§ What to work on: The reply should hold only the lines from the one with "в Твери купить" to the one with "To customize the", both ends kept, exactly as they appear below, without any pictures.

§ Given records:

────────────────────

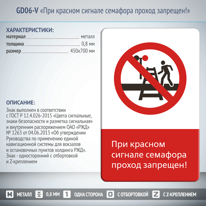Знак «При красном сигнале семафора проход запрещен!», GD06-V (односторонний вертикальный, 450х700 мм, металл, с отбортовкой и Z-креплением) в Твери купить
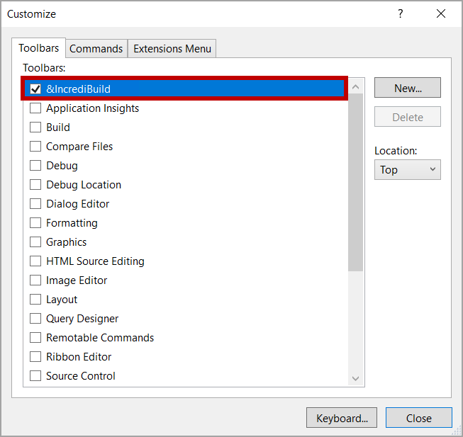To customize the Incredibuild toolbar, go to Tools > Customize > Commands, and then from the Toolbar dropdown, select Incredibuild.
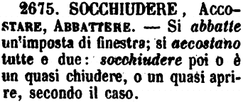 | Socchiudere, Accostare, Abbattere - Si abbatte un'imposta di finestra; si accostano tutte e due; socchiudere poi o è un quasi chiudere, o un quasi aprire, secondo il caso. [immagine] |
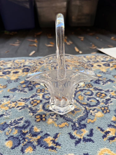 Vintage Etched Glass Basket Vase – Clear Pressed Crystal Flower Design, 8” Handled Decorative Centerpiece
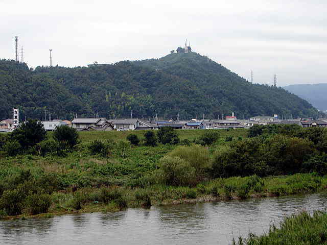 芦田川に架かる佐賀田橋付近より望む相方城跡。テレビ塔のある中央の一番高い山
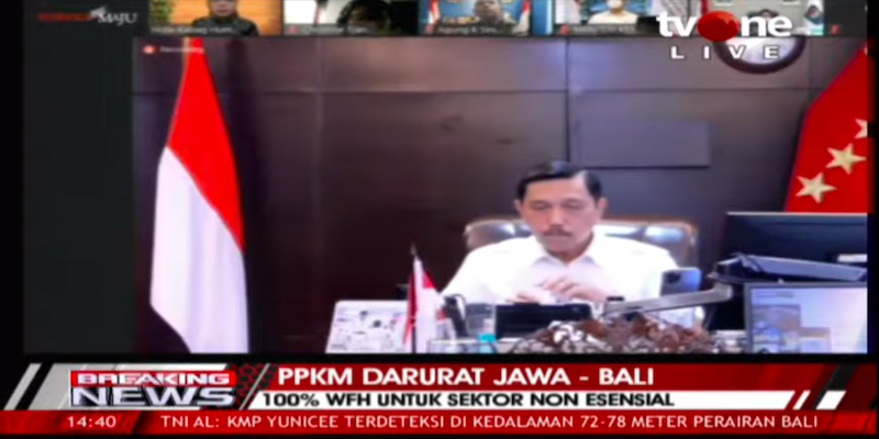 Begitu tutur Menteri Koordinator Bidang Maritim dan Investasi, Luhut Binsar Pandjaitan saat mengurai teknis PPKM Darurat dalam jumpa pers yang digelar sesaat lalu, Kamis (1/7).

────────────────────

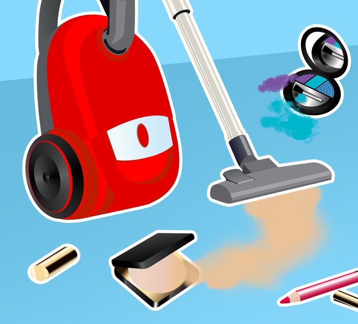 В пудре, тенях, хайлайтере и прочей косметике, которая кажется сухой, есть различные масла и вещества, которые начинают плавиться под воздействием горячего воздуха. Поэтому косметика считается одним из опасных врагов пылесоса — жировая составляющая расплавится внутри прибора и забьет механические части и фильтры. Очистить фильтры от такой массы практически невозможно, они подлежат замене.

────────────────────

§ Completed task:
Знак «При красном сигнале семафора проход запрещен!», GD06-V (односторонний вертикальный, 450х700 мм, металл, с отбортовкой и Z-креплением) в Твери купить
To customize the Incredibuild toolbar, go to Tools > Customize > Commands, and then from the Toolbar dropdown, select Incredibuild.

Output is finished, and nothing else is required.